§ What you need to do
The records should be repeated word for word, pictures excluded.

§ Records contained in a dataset

• • •

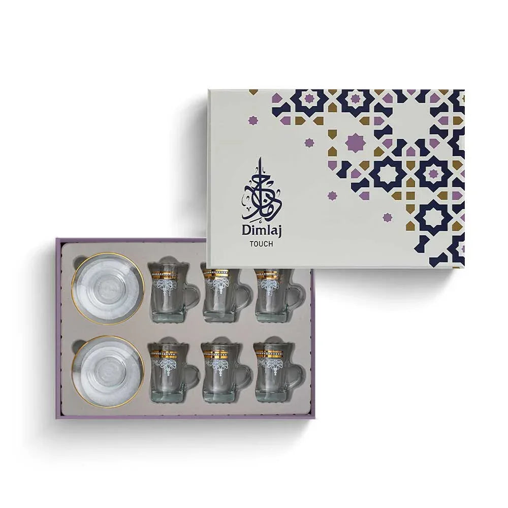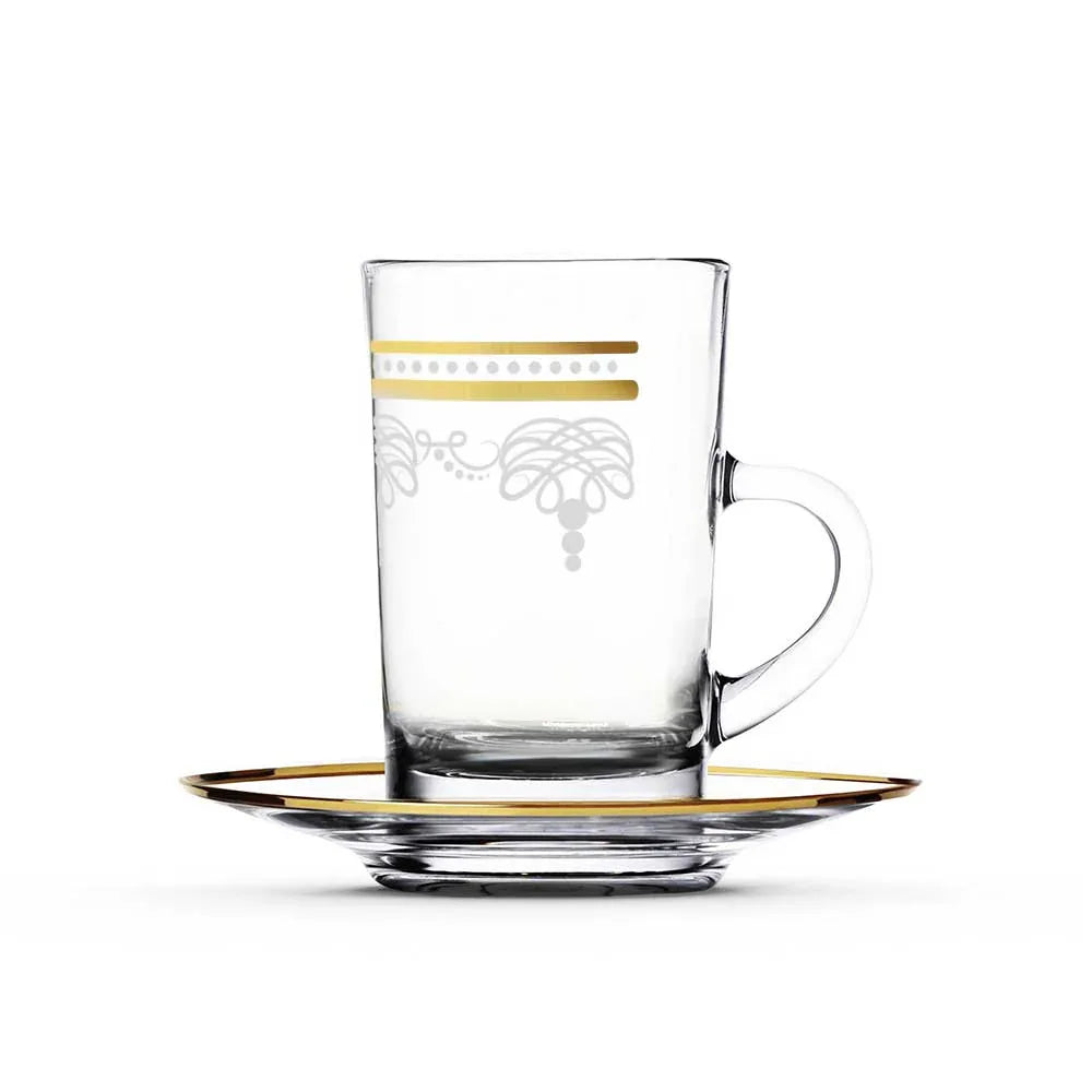 طقم أكواب شاي زجاجية مع 12 قطعة ذهبية Dimlaj Elixir
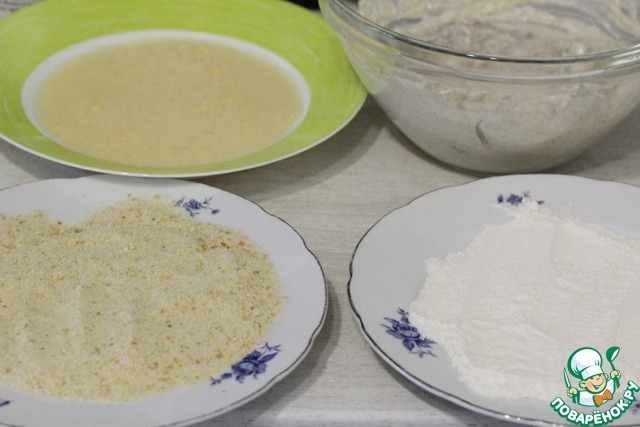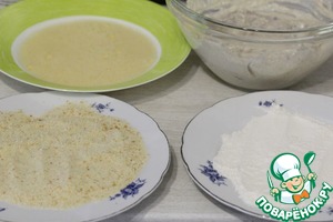 Приготовить три тарелки для панировки: в одну насыпать муку, во вторую сухари, в третье взбить яйца.
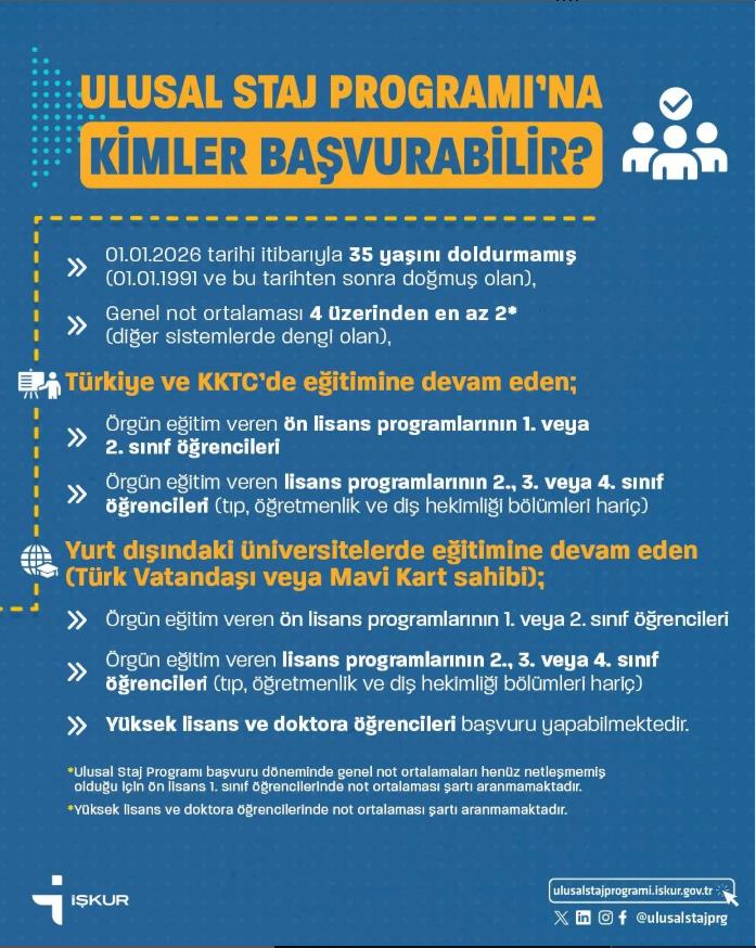 🔗 Applications & Details: ulusalstajprogrami.iskur.gov.tr
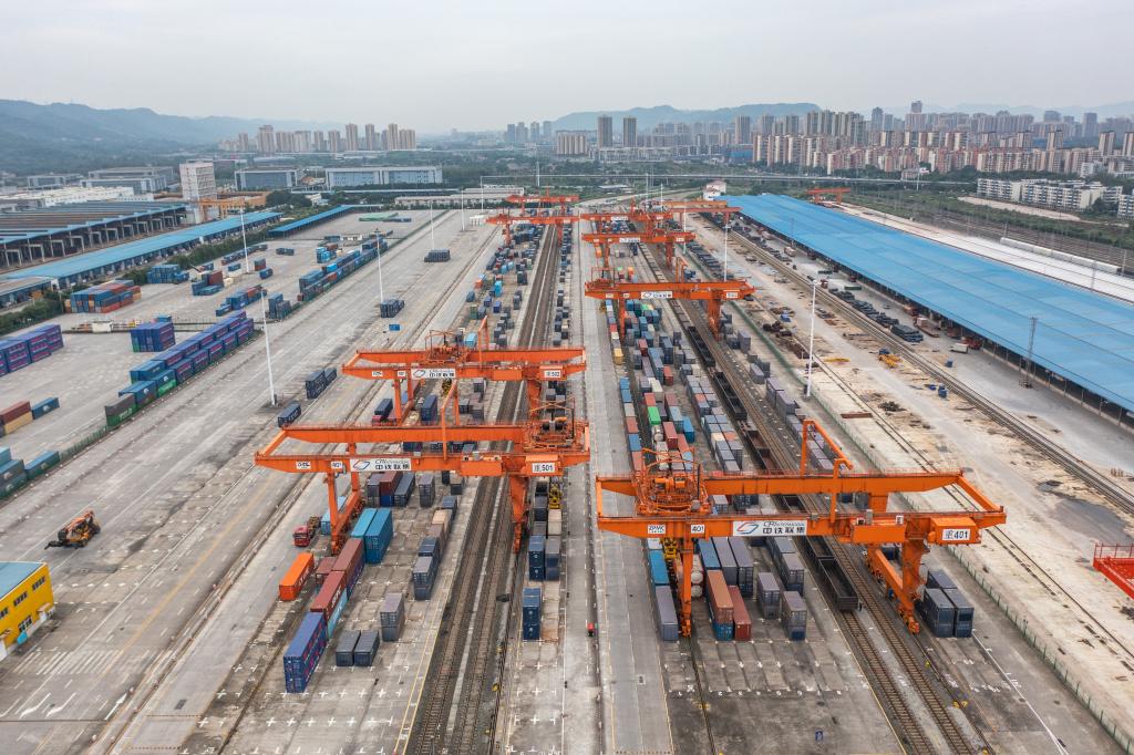 10月11日,一列西部陆海新通道班列从重庆团结村中心站驶出(无人机照片)。新华社记者黄伟 摄
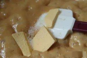 然后加入黄油和海盐继续加热
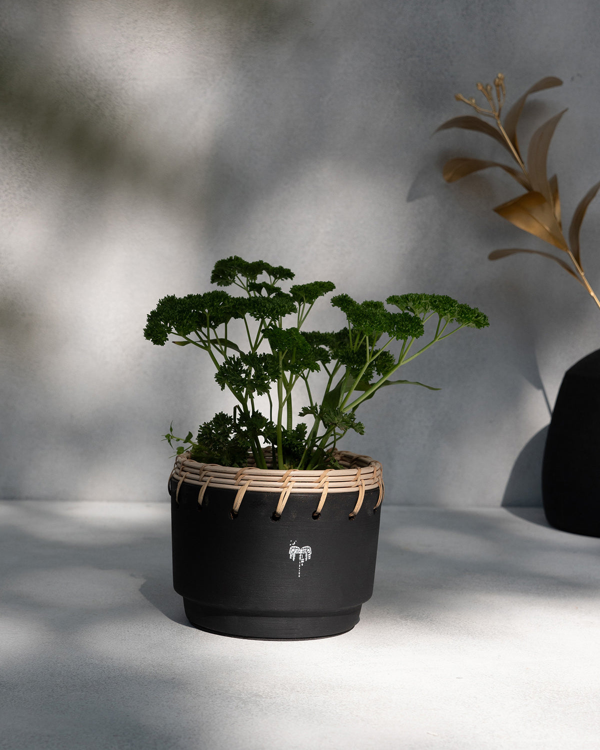 - The planter is crafted in terracotta and rattan.

• • •

§ Written solution
 طقم أكواب شاي زجاجية مع 12 قطعة ذهبية Dimlaj Elixir
 Приготовить три тарелки для панировки: в одну насыпать муку, во вторую сухари, в третье взбить яйца.
 🔗 Applications & Details: ulusalstajprogrami.iskur.gov.tr
 10月11日,一列西部陆海新通道班列从重庆团结村中心站驶出(无人机照片)。新华社记者黄伟 摄
 然后加入黄油和海盐继续加热
 - The planter is crafted in terracotta and rattan.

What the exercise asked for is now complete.